The data:

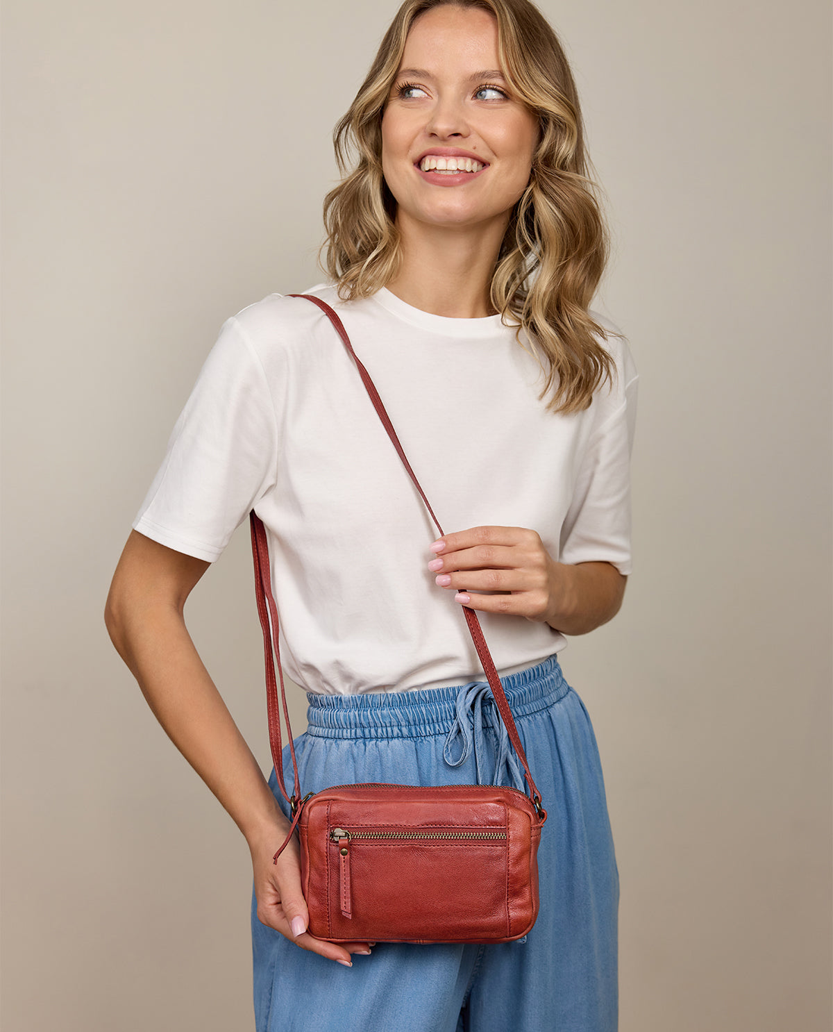 The soft yet sturdy cowhide leather gives this shoulder bag its trendy vintage sporty-casual charm and can be paired with any outfit on any occasion. Available in 8 striking colours! You might even find your favourite colour in our collection.
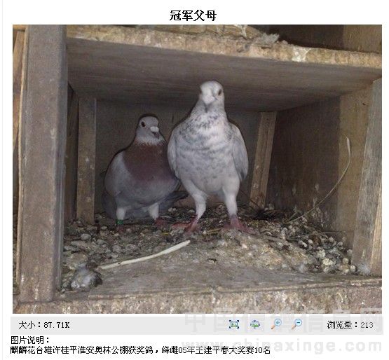 下图冠军平辈花砂眼雄 上面巢格中是大羽公棚88名柴孝荣灰雌
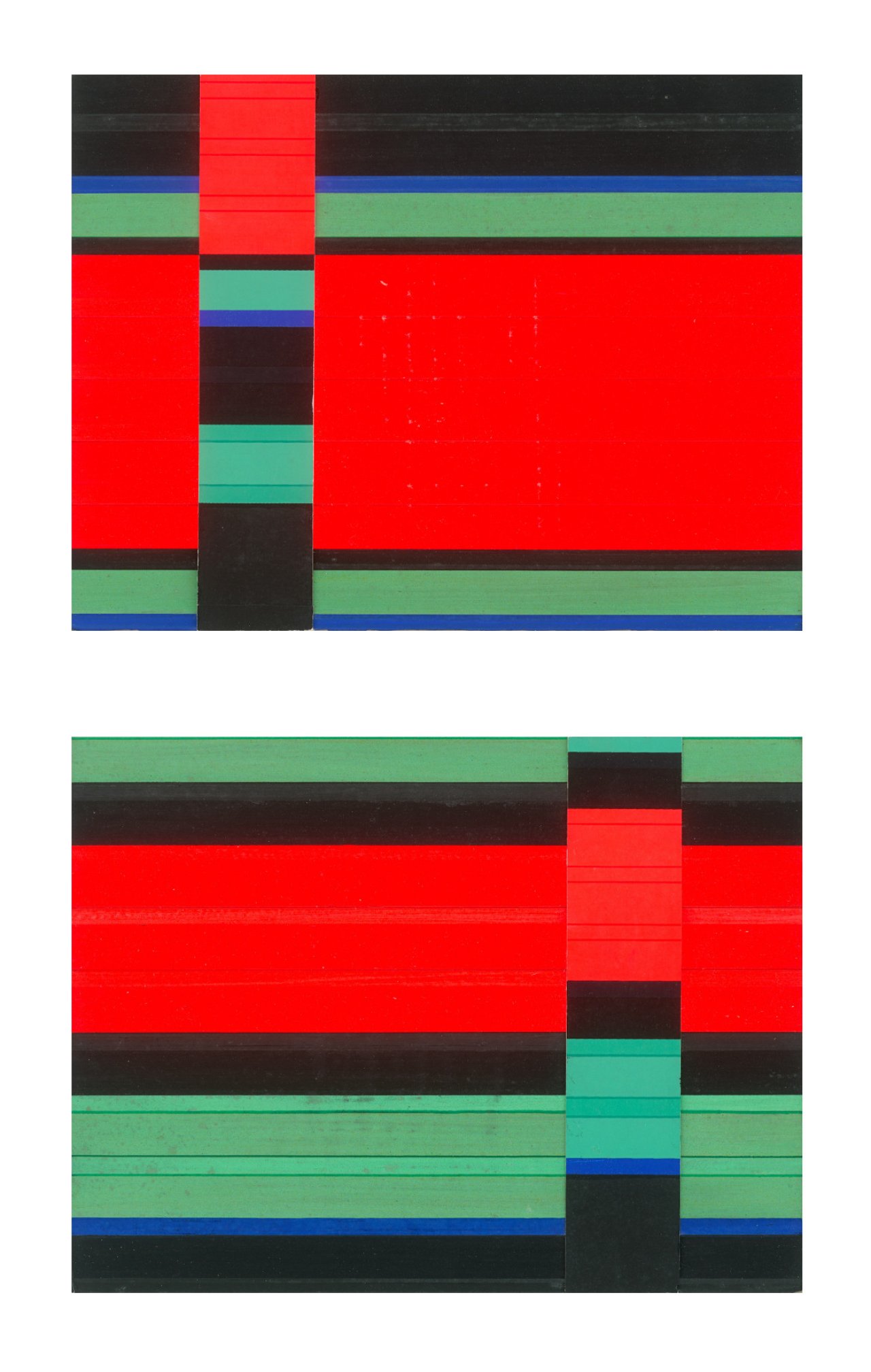 Ohne Titel (Entwurf für ein Wandbild I & II). Um 1970. 2-teilig: Acryl und Papiercollage auf Pappe, auf Spanplatte aufgezogen. Jeweils: 18,5 × 24,1 × 2 cm. EUR 6.000–8.000
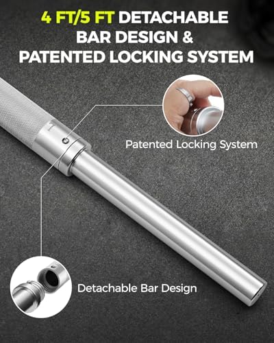 🚀 [Professional-Grade Aluminum Gym Bars] Crafted from lightweight aerospace aluminum, our bars are naturally rustproof, water-resistant, and rated for up to 450lbs. Choose from 4ft or 4.9ft lengths, both ideal for home gyms. With a consistent 30mm diameter, they offer balanced control and a comfortable grip. Perfect for compact spaces, especially designed for women.
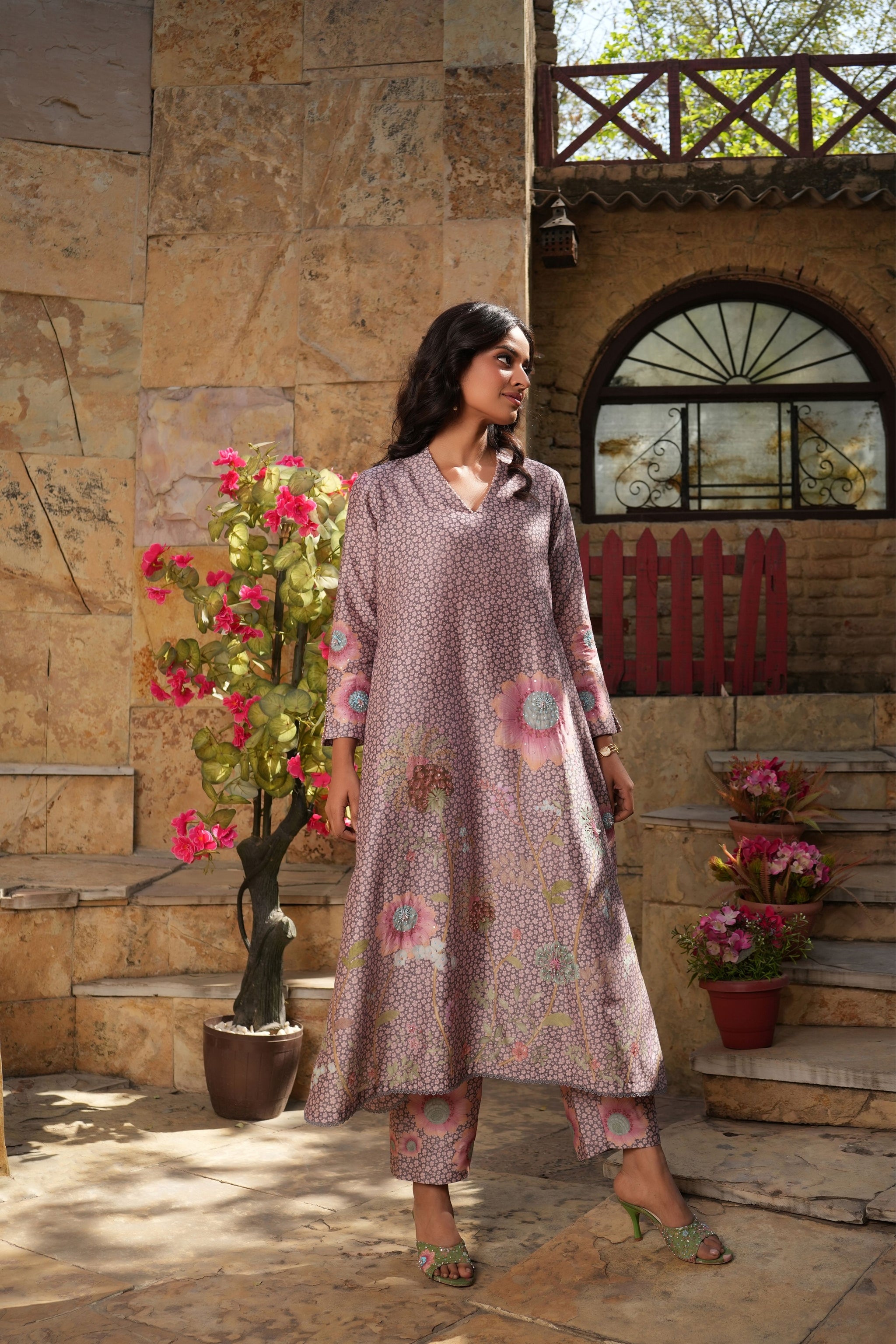 • This 2pc kurta set is enhanced with delicated embroidery all over kurta and it also has lacey hemline .
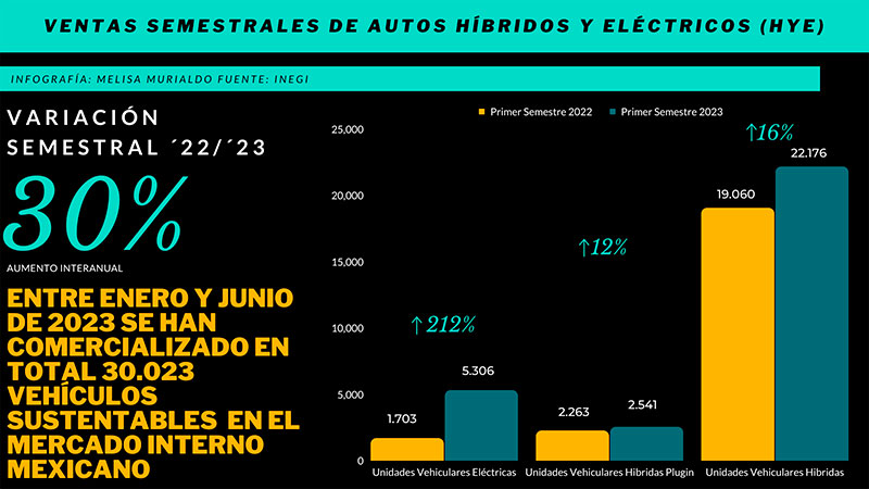 Ahora, si nos centramos en el 2023, la Asociación Mexicana de la Industria Automotriz (AMIA), con base en la última información publicada por el Instituto Nacional de Estadística y Geografía (INEGI), informó que en junio la venta de vehículos híbridos y eléctricos fue de 6.785 unidades.
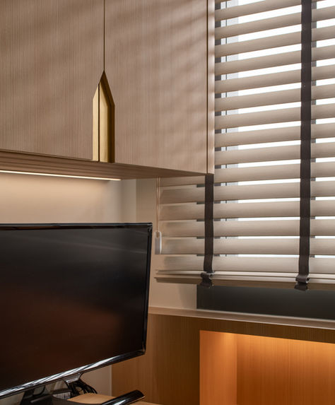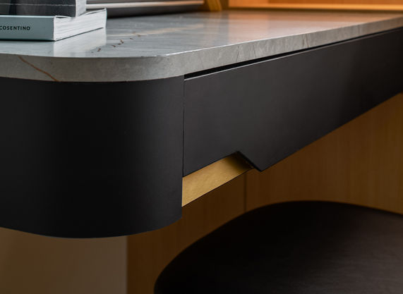 Gold reccesed handle added a bold contrast to enhances the overall aesthetic of the TV console.

What is expected: Reproduce the whole listing above word for word, dropping each image.

Worked solution:
 The soft yet sturdy cowhide leather gives this shoulder bag its trendy vintage sporty-casual charm and can be paired with any outfit on any occasion. Available in 8 striking colours! You might even find your favourite colour in our collection.
 下图冠军平辈花砂眼雄 上面巢格中是大羽公棚88名柴孝荣灰雌
 Ohne Titel (Entwurf für ein Wandbild I & II). Um 1970. 2-teilig: Acryl und Papiercollage auf Pappe, auf Spanplatte aufgezogen. Jeweils: 18,5 × 24,1 × 2 cm. EUR 6.000–8.000
 🚀 [Professional-Grade Aluminum Gym Bars] Crafted from lightweight aerospace aluminum, our bars are naturally rustproof, water-resistant, and rated for up to 450lbs. Choose from 4ft or 4.9ft lengths, both ideal for home gyms. With a consistent 30mm diameter, they offer balanced control and a comfortable grip. Perfect for compact spaces, especially designed for women.
 • This 2pc kurta set is enhanced with delicated embroidery all over kurta and it also has lacey hemline .
 Ahora, si nos centramos en el 2023, la Asociación Mexicana de la Industria Automotriz (AMIA), con base en la última información publicada por el Instituto Nacional de Estadística y Geografía (INEGI), informó que en junio la venta de vehículos híbridos y eléctricos fue de 6.785 unidades.
 Gold reccesed handle added a bold contrast to enhances the overall aesthetic of the TV console.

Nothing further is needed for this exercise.